Recently, FiveThirtyEight wrote an article outlining a method to rank every NBA team for the entire history of professional basketball. While we here at The Daily Gopher are equally as ambitious, we do not possess the same data sources as a fully sourced ESPN operation. On the other hand, we probably drink better bourbon. Here are the rankings for every college basketball team since 2002.
So what is an Elo Rating, and why am I using something a little different? As a review or an introduction, Elo Ratings are an algorithm for deciding the best players or teams in head to head competition. Elo is the inventor's name. In order to determine an Elo rating, we need to know who played who. Rather self-explanatory, but no head to head system can determine a victor without knowing who played and the final score. In basketball, unlike chess, the location of the game may also have an effect. Second, Elo is zero-sum. Winning teams earn points and losing teams lose points. Upset wins are awarded more points and as you'll see beating Grambling State garners very few.
An issue with an Elo rating--and spoiler, why I'm using something different--is that it claims complete accuracy regardless of a team's player’s inactivity, game results, or strength of schedule. To put it another way, an Elo rating is a pure point estimate, without a measure of uncertainty. FiveThirtyEight experiments with different measures to regress back to the mean, but these still have a problem associated with solely reporting a point estimate.
Instead of Elo Ratings, I'm using Glicko Ratings. Named after their creator, Mark Glickman, Glicko Ratings extend Elo Ratings by adding a parameter to measure the deviation of a rating. Mathematically, it works out to being the same as a 95% Confidence Interval around the Rating point estimate. The specific formula is complex, but if you're interested in more information I recommend reading Mark Glickman's explanation.
Finally a word of caution regarding interpretation. In my specification, a starting Glicko rating is 2200 with a starting rating deviation of 300. Therefore if you see a team you've never heard of with a huge rating, it's not necessarily because the model thinks they are good. It likely means that they are a new D1 and have not played any games in a given season. The ratings do not have enough information, which will be represented by a large ratings deviation. There is also some minor rating inflation in this iteration. Future iterations will correct for this.
Using several sources, primarily Kenpom.com, I gathered data on every game played between two Division 1 programs between the 2002 and 2015 seasons inclusive. I used seasons as rating periods of interest. Each team plays more than the minimum 10-15 games in a season suggested by Glickman for a valid metric.
How Do I Read The Charts In This Post?
To understand the ratings in context, from 2002-2015
- A Team with a 2460 Rating will not sweat Selection Sunday
- The Best teams are rated 2500 and above
- The Worst teams are rated 2000 and below.
- The Median team is around 2175
Since this is a Gopher blog, I'll start with Minnesota's. The graph below plots Minnesota Glicko rating over time. The shaded region shows the deviation parameter over time.

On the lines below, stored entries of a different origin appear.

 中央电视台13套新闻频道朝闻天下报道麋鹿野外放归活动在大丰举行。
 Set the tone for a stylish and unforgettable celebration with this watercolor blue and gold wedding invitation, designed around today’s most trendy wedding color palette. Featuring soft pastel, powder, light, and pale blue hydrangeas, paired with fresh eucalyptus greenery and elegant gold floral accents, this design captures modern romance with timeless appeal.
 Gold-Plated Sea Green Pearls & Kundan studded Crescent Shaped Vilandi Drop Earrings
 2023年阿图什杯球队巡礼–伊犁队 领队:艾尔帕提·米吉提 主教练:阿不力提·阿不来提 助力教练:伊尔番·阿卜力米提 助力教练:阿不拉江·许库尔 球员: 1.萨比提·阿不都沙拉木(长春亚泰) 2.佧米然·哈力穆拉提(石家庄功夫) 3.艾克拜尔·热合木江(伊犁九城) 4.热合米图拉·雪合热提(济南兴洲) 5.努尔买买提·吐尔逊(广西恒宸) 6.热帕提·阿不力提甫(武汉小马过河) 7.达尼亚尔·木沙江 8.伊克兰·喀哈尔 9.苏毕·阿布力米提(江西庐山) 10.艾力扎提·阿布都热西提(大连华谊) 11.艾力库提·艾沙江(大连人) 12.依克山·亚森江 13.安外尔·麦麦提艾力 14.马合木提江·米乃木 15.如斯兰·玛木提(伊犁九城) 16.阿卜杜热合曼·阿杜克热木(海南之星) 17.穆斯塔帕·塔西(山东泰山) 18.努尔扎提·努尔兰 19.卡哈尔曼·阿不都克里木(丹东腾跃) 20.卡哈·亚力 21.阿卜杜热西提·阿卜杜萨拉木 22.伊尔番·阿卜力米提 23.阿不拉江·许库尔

Minnesota is currently 61st in the country. The Gophers under Dan Monson made the NCAA Tournament once, in 2005, before cratering in 2007. The hiring of Tubby Smith brought the Gophers back to respectability. As can be seen by the graph, most of the team's improvement came during his tenure. Smith's teams also posted higher ratings, and better improvement year over year than Monson's teams. Under Richard Pitino, the Gophers achieved their highest Glicko rating in 2014 by winning the NIT, making this last season even more disappointing.
Contrast Minnesota's graph with Kentucky's.

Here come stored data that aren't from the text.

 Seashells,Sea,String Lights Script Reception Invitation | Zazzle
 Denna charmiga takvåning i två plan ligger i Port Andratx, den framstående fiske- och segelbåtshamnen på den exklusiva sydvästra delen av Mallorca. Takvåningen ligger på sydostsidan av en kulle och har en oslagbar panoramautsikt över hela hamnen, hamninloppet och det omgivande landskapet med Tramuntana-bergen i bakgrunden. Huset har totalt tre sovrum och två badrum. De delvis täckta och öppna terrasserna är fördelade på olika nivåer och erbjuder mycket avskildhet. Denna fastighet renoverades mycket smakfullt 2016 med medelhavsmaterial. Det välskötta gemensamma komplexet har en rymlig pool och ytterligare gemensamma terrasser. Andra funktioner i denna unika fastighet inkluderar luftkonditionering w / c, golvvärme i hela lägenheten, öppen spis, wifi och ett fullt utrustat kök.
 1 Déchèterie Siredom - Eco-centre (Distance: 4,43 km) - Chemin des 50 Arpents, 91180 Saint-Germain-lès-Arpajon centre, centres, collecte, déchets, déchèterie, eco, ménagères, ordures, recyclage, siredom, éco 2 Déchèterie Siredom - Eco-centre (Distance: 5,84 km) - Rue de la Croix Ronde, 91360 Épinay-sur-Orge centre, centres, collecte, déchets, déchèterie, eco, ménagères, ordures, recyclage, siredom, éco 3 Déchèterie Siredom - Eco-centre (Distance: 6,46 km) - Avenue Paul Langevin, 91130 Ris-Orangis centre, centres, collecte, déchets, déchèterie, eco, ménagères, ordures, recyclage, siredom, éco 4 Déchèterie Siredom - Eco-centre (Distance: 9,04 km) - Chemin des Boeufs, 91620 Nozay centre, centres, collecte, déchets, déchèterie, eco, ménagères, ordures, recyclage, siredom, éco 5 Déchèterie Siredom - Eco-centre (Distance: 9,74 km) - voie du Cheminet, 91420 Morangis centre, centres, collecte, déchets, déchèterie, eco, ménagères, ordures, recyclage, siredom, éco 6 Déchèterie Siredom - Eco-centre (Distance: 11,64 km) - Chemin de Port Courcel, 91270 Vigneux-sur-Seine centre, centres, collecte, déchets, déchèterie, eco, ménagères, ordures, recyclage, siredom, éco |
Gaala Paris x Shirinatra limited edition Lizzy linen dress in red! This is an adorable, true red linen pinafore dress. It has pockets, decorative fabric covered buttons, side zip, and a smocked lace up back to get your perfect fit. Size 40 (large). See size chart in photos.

Smith's 2005 season was the apex of his Kentucky teams. The Cats regressed in his final years before dropping perilously close to early 2000s Minnesota level under Billy Gillespie. That sound you hear is Big Blue Nation sighing at the mention of the Gillespie years. Calipari's tenure has been incredible for the Wildcats, who sit second behind Duke over the full period. One part of this graph that is interesting to me is the decrease between the national championship in 2012 and the "rebuild" that was necessitated after. It's an open question if Calipari's 2016 team will have a similar stumble after losing so many key players.
From the near pinnacle to the very bottom. Here's Grambling State's:
Remember that even at their worst last season, the Gophers were almost 300 points better than Grambling State's best season over the last 14 years. The team managed to go winless in 2012-2013 season, joining seven other teams in the history of D1 basketball. From a mathematical viewpoint, this graph also gives a good indication about how the ratings deviation parameter works. Grambling State is objectively awful, and the confidence interval is very tight around that point estimate. With that said, since it's an interval, it's possible that Grambling was "actually" a below 1700 rating team at the end of this season, almost 500 points below the average team.
Where Do We Go From Here?
There are a lot of ways we as writers, fans, and a community can go with these rankings. I intend to break down the top conferences and coaches in upcoming posts. I'm also interested in hearing about other topics you'd like to see TDG tackle with this data or what you yourself might choose to do with it in a FanPost!